Surviving another blizzard episode, the city, an archive of fleeting moments, reflected my conversation with Leonardo Fasolo, Creative Director of Massimo Osti Studio – legacy as something meant to evolve and be reshaped over time.
Massimo Osti, the original disruptor, treated fabric like a question mark. The Italian designer built his reputation on curiosity, pulling techniques from industry, military research, and urban life, then remixing them until clothing felt both thoughtful and instinctive. Deconstruction as a way to navigate life itself – he went further and reverse-engineered the flow of our presence. The spirit lingers here.

The 2026 Wardrobe Garments read like everyday essentials that secretly earned a PhD. Jackets, overshirts, knitwear—pieces meant to orbit daily life—reach with a tactile richness, a sensorial request. There’s a subtle humor in that restraint—a measured sobriety holding it down while logos shout for attention all around. All eyes on the wool this season – though not in the way your grandfather remembers. It’s stretched, sealed, twisted, and blended, honoring tradition and technology. Some fabrics are treated for sleek durability, while others are reinforced in high-stress areas (thermoplastic polyurethane). Hybrid constructions obscure the lines, nylon folding into the softness of wool — a moment to root yourself, then lean forward into the next chapter. Elsewhere, textured surfaces play with depth and double dyeing, catching light like a prism.

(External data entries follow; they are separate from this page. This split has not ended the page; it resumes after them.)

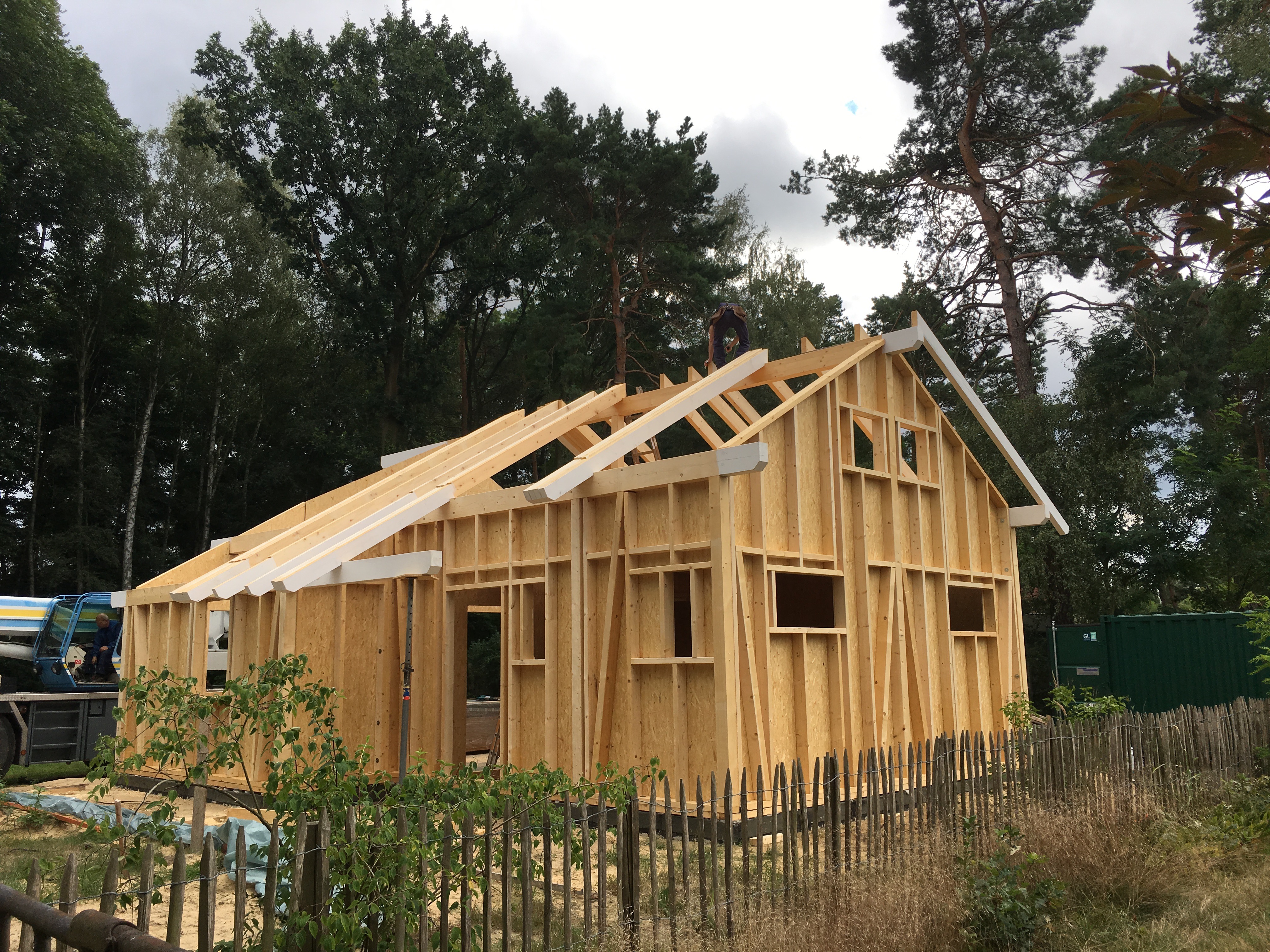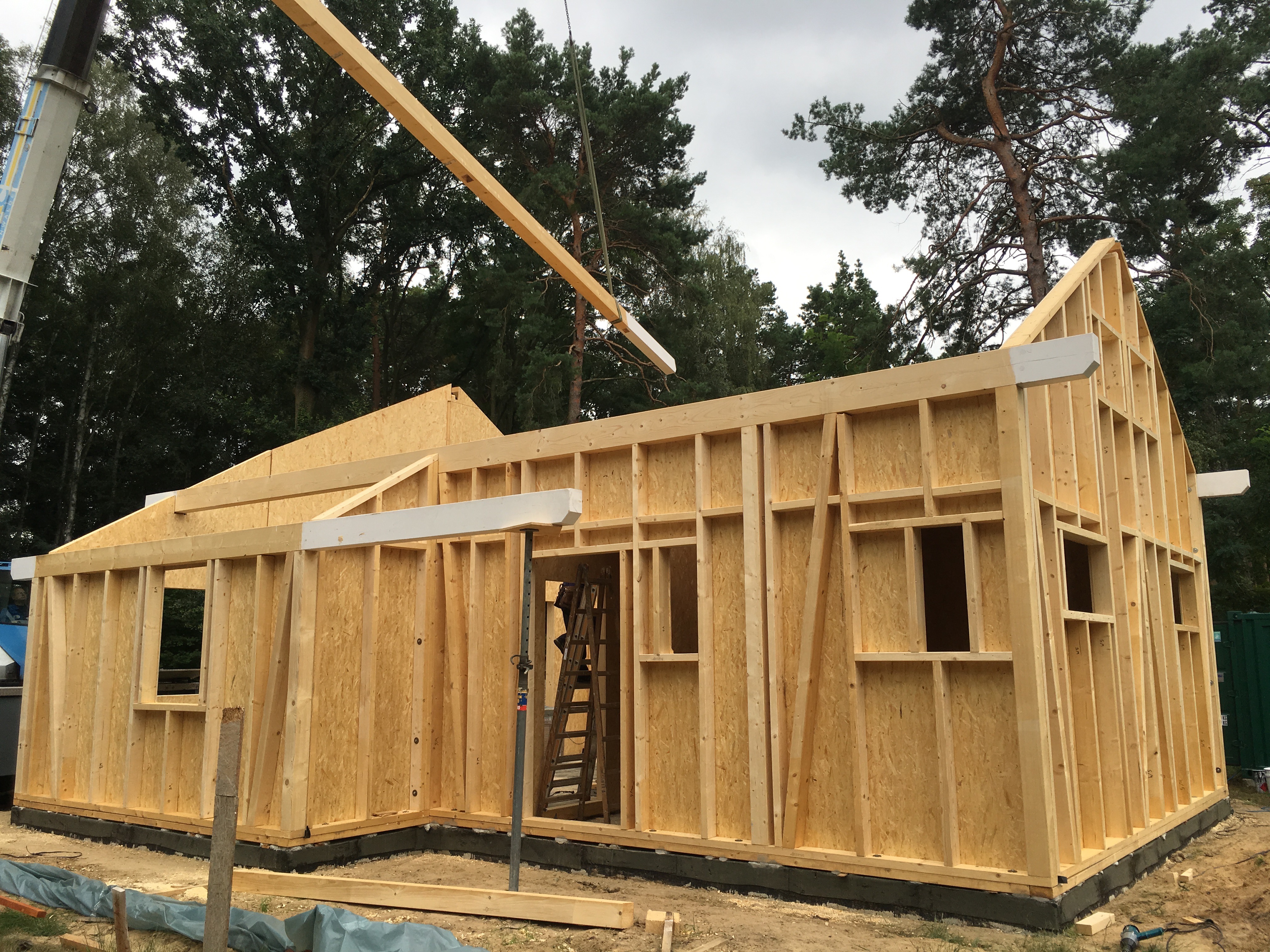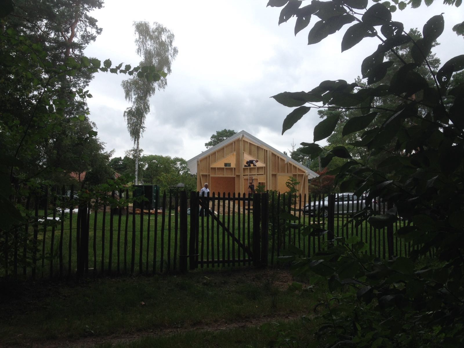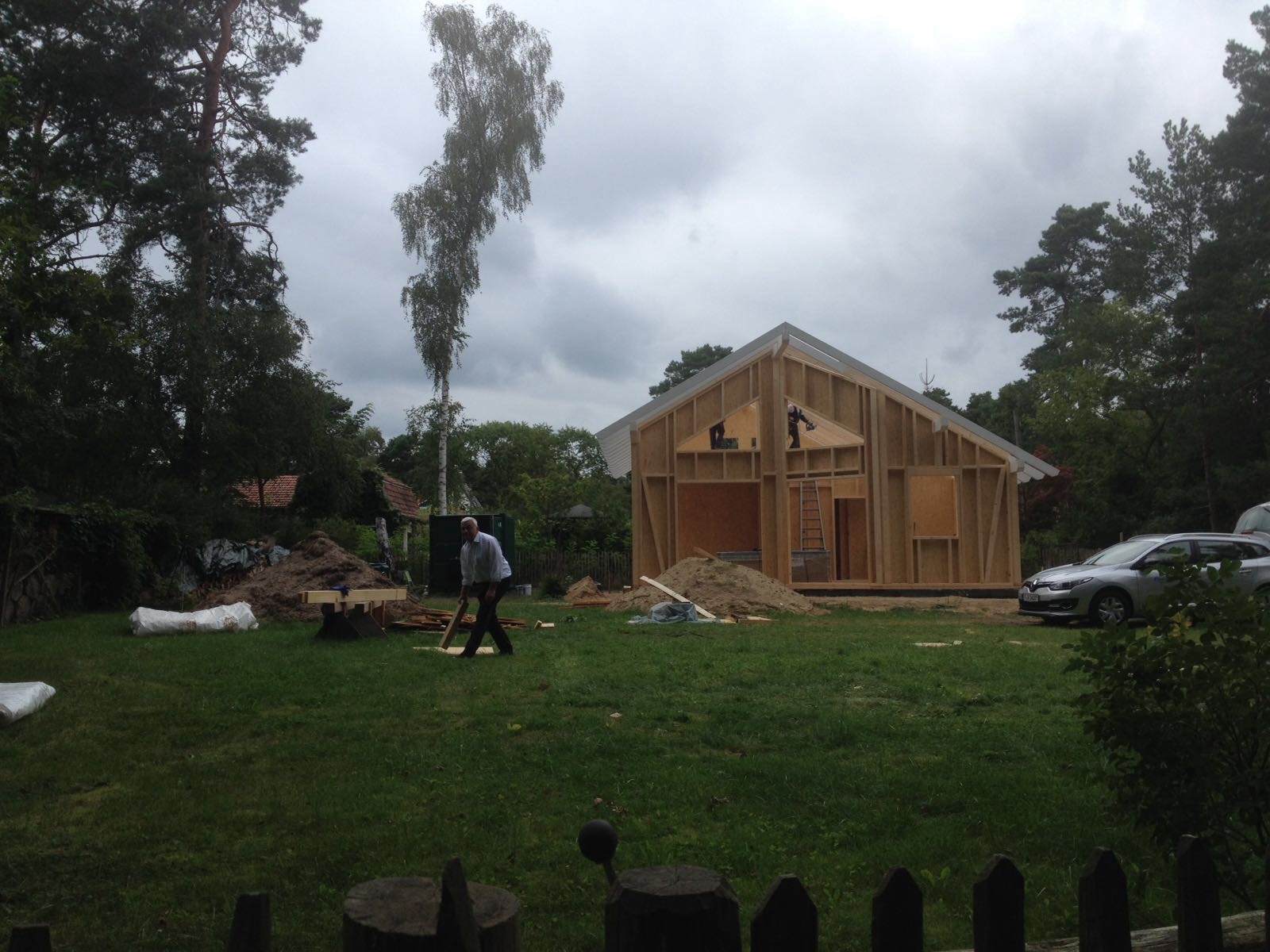 Ich bin so gegen 13:30 vom Büro direkt nach Bestensee gefahren. Schon als ich in die Straße eingebogen bin, konnte ich den Kran sehen…die Spannung stieg…und da stand ein Haus !!!
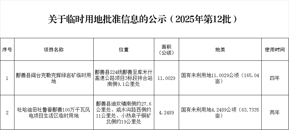 關(guān)于臨時用地批準(zhǔn)信息的公示(2025年第12批)
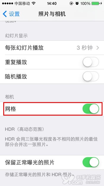 而在iOS7系統中,你需要進行設置中打開該功能才可以。具體操作:【設置】->【照片與相機】->開啟【網格】->然後再打開相機應用->你就會發現相機網格功能已開啟咯。
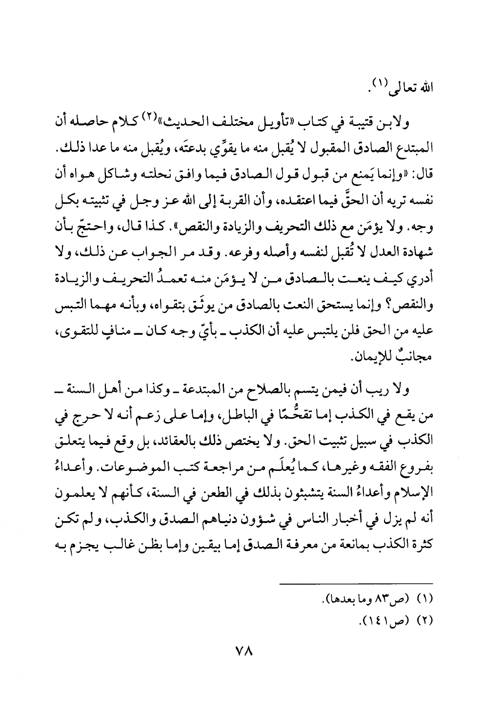 ولابن قتيبة في كتاب "تأويل مختلف الحديث" (¬٢) كلام حاصله أن المبتدع الصادق المقبول لا يُقبل منه ما يقوِّي بدعتَه، ويُقبل منه ما عدا ذلك. قال: "وإنما يَمنع من قبول قول الصادق فيما وافق نحلته وشاكل هواه أن نفسه تريه أن الحقَّ فيما اعتقده، وأن القربة إلى الله عز وجل في تثبيته بكل وجه. ولا يؤمَن مع ذلك التحريف والزيادة والنقص". كذا قال، واحتجّ بأن شهادة العدل لا تُقبل لنفسه وأصله وفرعه. وقد مر الجواب عن ذلك، ولا أدري كيف ينعت بالصادق من لا يؤمَن منه تعمدُ التحريف والزيادة والنقص؟ وإنما يستحق النعت بالصادق من يوثَق بتقواه، وبأنه مهما التبس عليه من الحق فلن يلتبس عليه أن الكذب ــ بأيّ وجه كان ــ منافٍ للتقوى، مجانبٌ للإيمان.
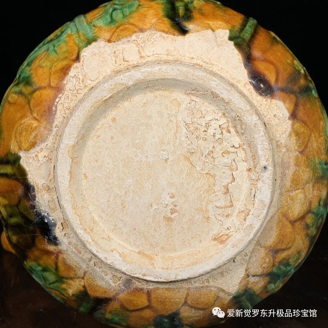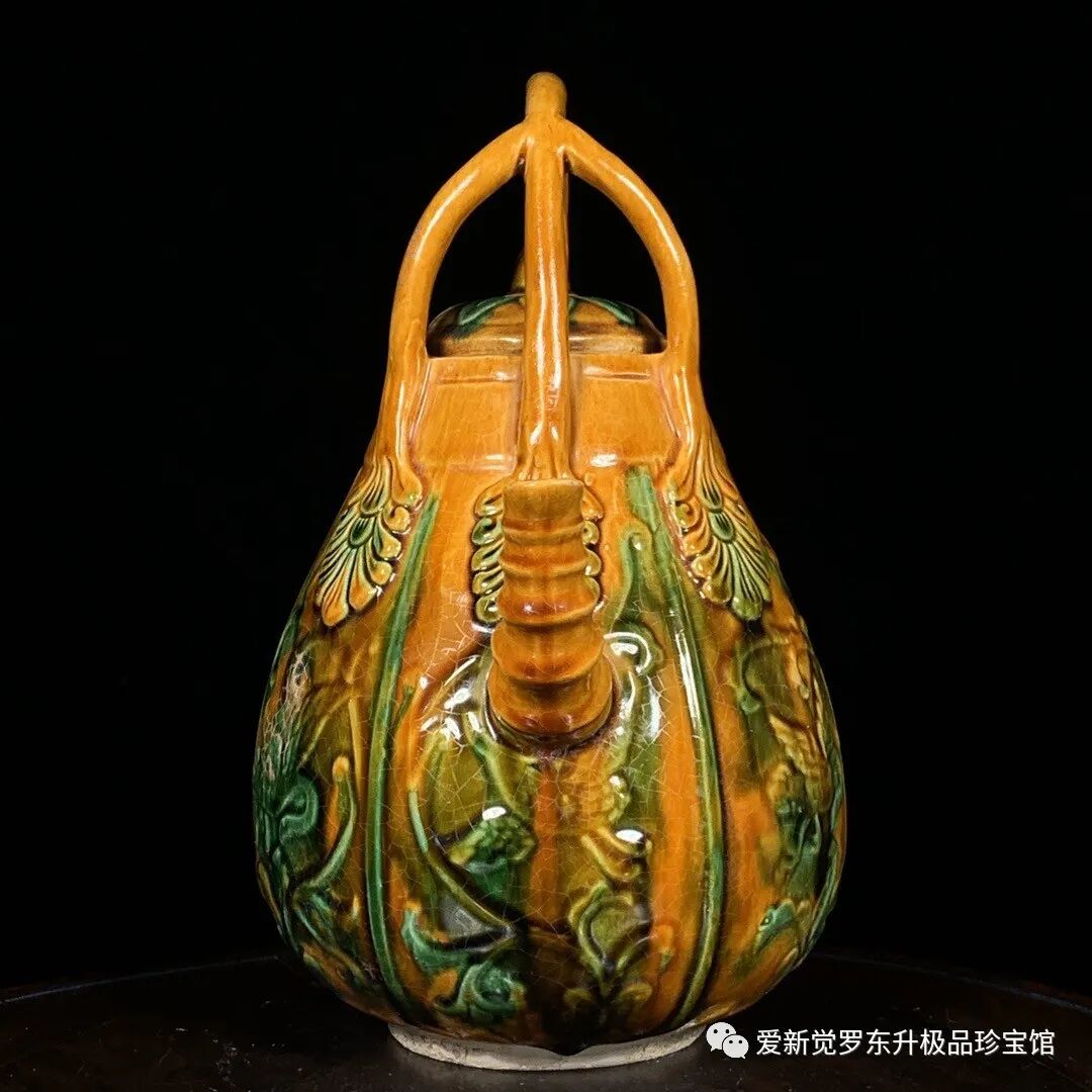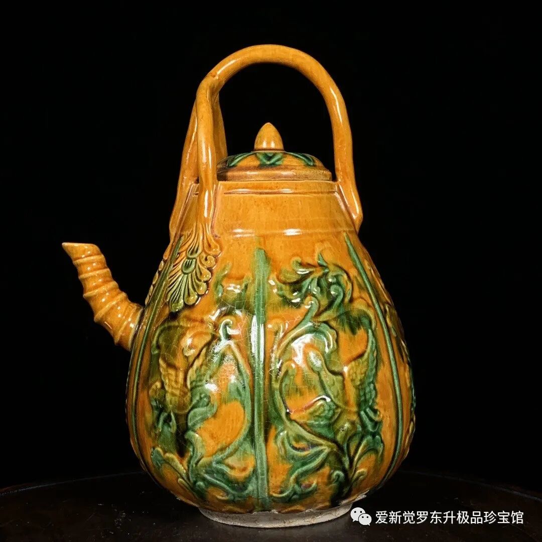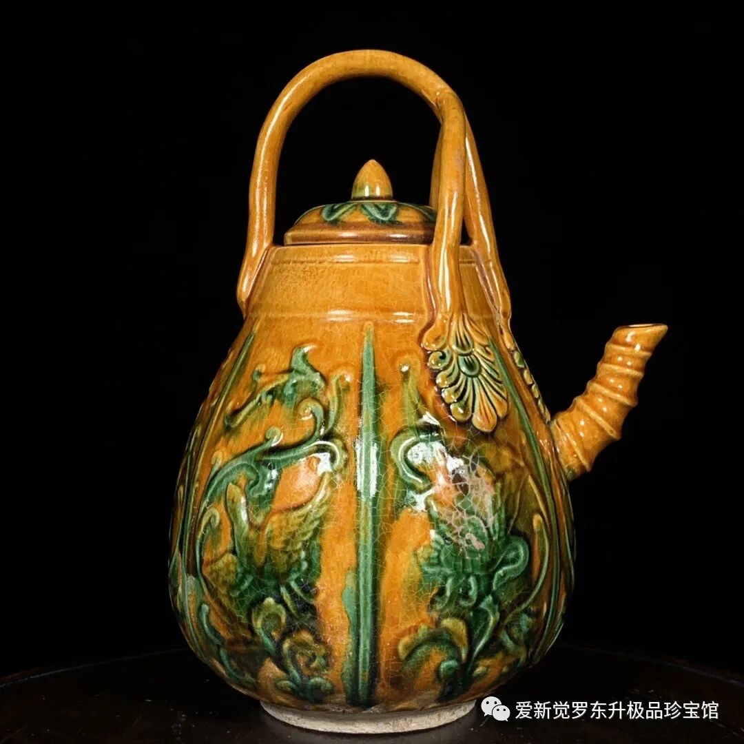 唐三彩花鸟纹竹节提梁壶,高23.5直径16cm,

What struck me most in the interview was Leonardo Fasolo’s insistence on experimentation as a form of respect—toward the wearer, toward the craft, toward Osti himself. Innovation is deliberate. The inside of a garment matters as much as the outside, because the private experience of clothing is where loyalty is built. Massimo Osti Studio continues to design for people who move, question, and live fully in their clothes. The result is a wardrobe that doesn’t chase the future—it walks beside it, hands in pockets, already comfortable there.